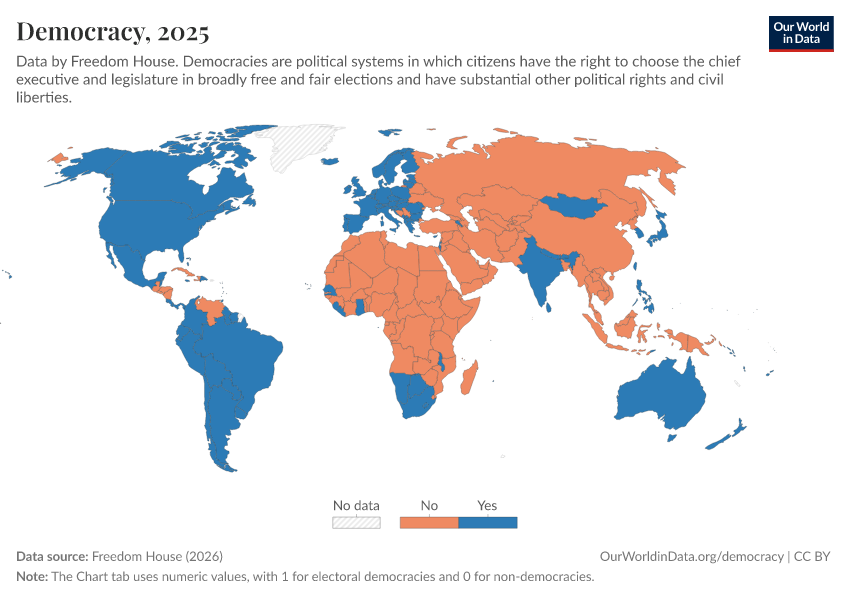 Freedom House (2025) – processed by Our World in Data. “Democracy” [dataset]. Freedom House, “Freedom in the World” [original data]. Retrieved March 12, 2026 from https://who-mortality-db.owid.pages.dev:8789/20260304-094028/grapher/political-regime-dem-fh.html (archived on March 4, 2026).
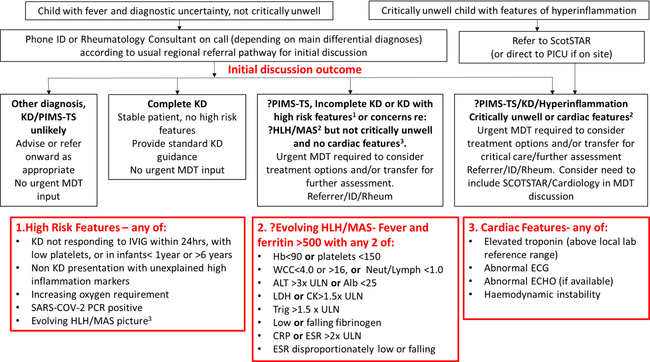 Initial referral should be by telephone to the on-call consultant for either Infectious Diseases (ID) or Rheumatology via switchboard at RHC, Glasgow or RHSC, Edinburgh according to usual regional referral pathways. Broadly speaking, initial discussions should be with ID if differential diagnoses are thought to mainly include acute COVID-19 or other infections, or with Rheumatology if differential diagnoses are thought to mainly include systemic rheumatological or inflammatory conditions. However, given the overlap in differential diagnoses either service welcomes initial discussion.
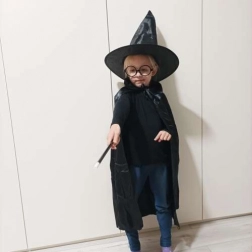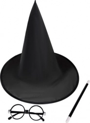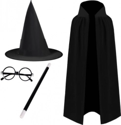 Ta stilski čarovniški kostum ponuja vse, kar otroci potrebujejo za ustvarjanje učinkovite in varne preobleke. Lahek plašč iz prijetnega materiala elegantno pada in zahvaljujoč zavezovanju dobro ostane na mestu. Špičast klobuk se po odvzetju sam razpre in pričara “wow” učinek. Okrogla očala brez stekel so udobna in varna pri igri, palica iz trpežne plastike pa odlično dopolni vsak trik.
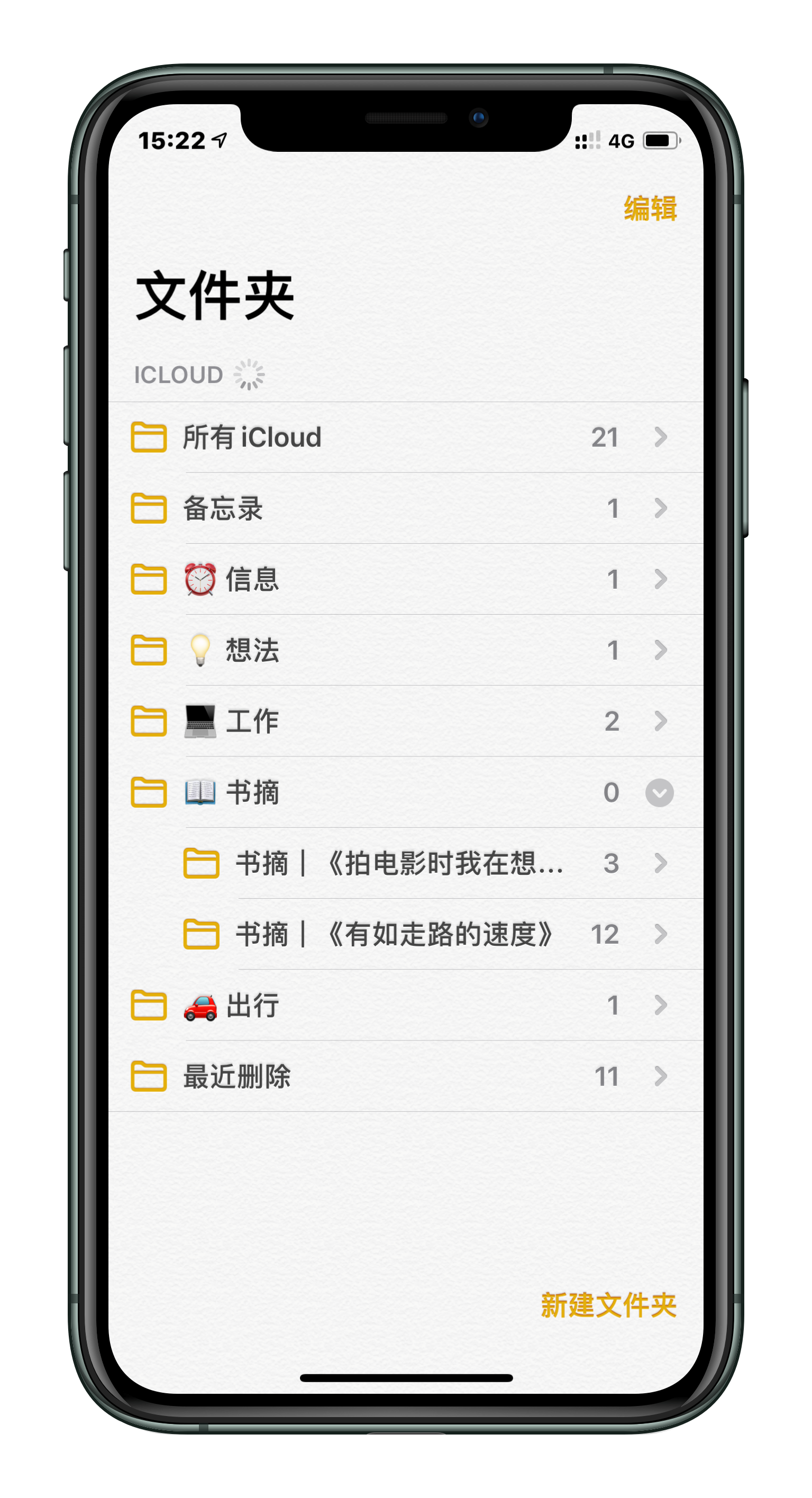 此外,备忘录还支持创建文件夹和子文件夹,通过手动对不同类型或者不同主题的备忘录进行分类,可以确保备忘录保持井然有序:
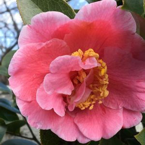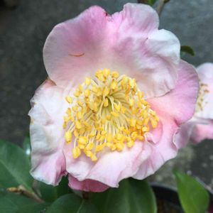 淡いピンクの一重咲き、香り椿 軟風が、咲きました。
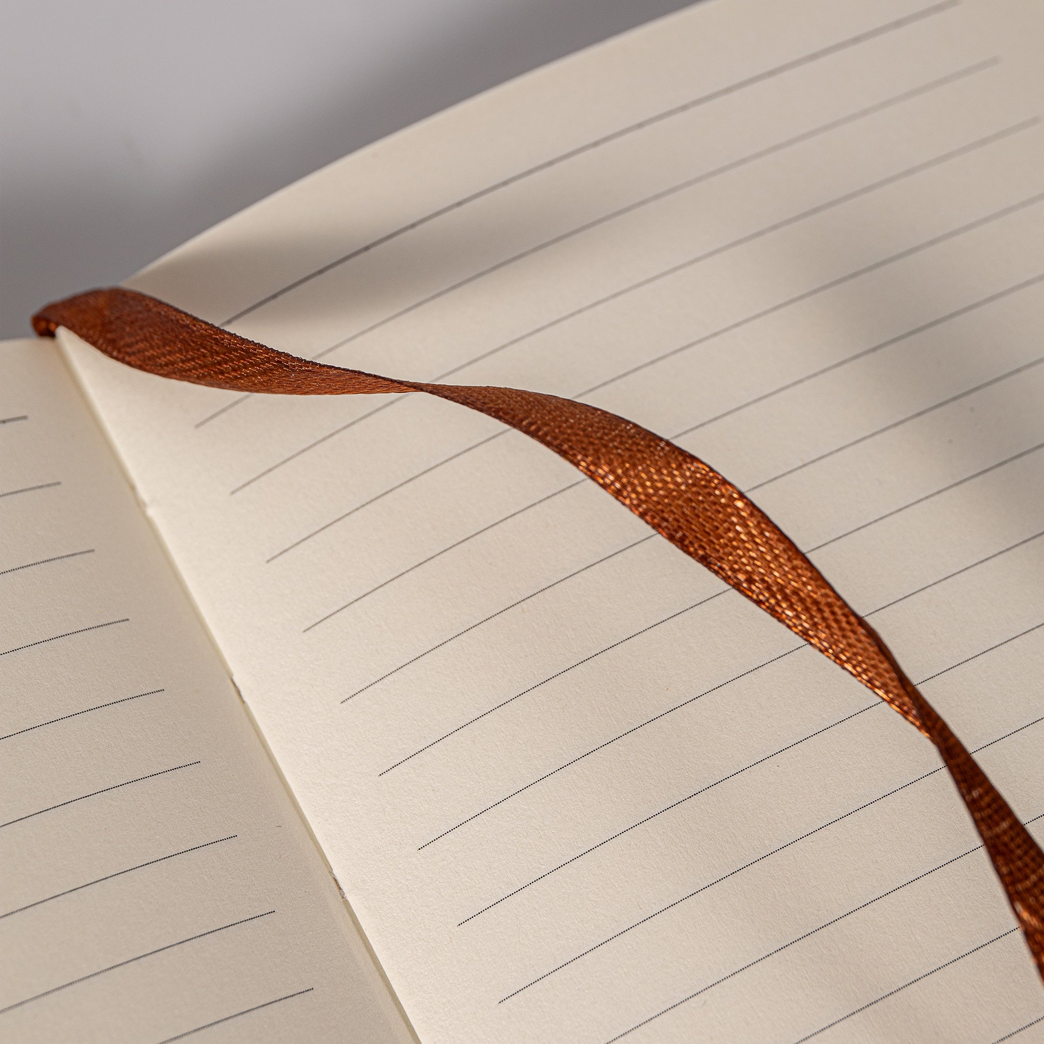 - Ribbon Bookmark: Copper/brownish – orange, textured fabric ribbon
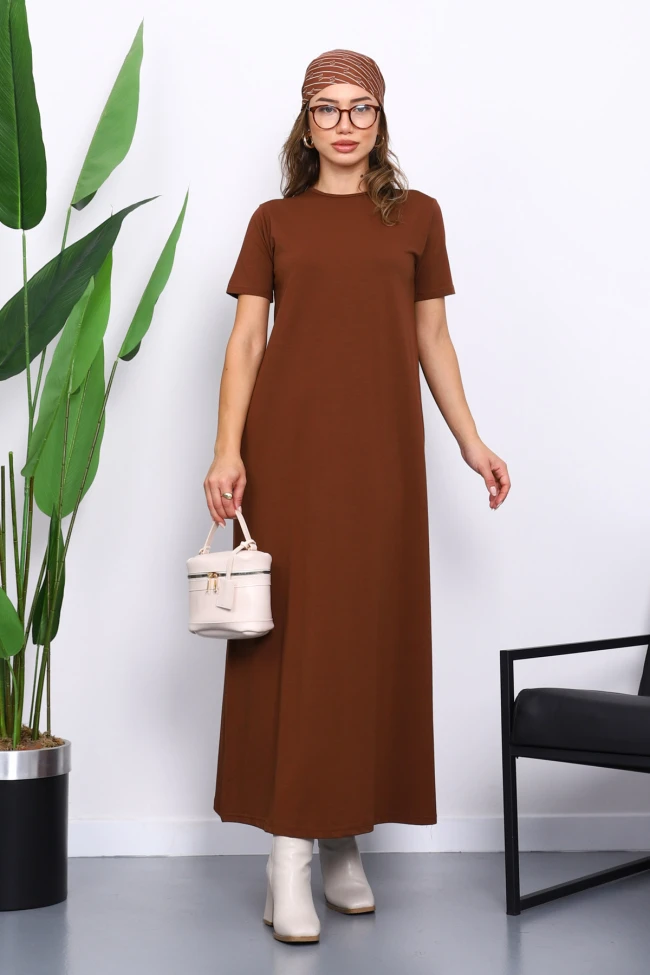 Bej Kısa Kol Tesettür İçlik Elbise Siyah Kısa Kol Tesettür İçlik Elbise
---
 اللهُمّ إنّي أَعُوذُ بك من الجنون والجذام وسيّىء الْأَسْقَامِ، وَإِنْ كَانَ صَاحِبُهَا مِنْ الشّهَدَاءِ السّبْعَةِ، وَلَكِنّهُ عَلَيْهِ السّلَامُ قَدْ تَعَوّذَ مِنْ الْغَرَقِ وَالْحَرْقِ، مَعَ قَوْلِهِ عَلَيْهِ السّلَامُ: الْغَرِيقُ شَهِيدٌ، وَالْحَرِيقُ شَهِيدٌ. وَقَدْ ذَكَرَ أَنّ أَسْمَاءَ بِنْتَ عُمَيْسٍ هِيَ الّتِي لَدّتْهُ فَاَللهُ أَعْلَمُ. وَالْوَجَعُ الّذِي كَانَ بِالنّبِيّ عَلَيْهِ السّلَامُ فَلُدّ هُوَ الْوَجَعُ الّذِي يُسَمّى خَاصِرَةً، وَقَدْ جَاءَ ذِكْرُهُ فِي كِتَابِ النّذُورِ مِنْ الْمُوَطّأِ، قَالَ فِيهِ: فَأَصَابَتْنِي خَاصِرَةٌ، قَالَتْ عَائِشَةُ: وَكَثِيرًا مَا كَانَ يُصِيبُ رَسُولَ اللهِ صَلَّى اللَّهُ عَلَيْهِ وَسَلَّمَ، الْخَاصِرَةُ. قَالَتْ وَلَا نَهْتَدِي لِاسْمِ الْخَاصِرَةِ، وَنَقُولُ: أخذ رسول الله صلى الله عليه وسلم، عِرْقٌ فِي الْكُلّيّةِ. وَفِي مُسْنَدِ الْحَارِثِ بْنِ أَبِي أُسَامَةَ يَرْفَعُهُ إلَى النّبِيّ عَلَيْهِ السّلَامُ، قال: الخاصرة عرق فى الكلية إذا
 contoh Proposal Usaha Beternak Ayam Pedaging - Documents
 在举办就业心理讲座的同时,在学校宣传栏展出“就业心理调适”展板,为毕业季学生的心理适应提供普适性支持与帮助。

» **Exercise objective**:
Would you set down only the lines above from the line with "Freedom House (2025)" to the line with "Bej Kısa Kol", both included, exactly as they stand and without the pictures?

» **Exercise solution**:
 Freedom House (2025) – processed by Our World in Data. “Democracy” [dataset]. Freedom House, “Freedom in the World” [original data]. Retrieved March 12, 2026 from https://who-mortality-db.owid.pages.dev:8789/20260304-094028/grapher/political-regime-dem-fh.html (archived on March 4, 2026).
 Initial referral should be by telephone to the on-call consultant for either Infectious Diseases (ID) or Rheumatology via switchboard at RHC, Glasgow or RHSC, Edinburgh according to usual regional referral pathways. Broadly speaking, initial discussions should be with ID if differential diagnoses are thought to mainly include acute COVID-19 or other infections, or with Rheumatology if differential diagnoses are thought to mainly include systemic rheumatological or inflammatory conditions. However, given the overlap in differential diagnoses either service welcomes initial discussion.
 Ta stilski čarovniški kostum ponuja vse, kar otroci potrebujejo za ustvarjanje učinkovite in varne preobleke. Lahek plašč iz prijetnega materiala elegantno pada in zahvaljujoč zavezovanju dobro ostane na mestu. Špičast klobuk se po odvzetju sam razpre in pričara “wow” učinek. Okrogla očala brez stekel so udobna in varna pri igri, palica iz trpežne plastike pa odlično dopolni vsak trik.
 此外,备忘录还支持创建文件夹和子文件夹,通过手动对不同类型或者不同主题的备忘录进行分类,可以确保备忘录保持井然有序:
 淡いピンクの一重咲き、香り椿 軟風が、咲きました。
 - Ribbon Bookmark: Copper/brownish – orange, textured fabric ribbon
 Bej Kısa Kol Tesettür İçlik Elbise Siyah Kısa Kol Tesettür İçlik Elbise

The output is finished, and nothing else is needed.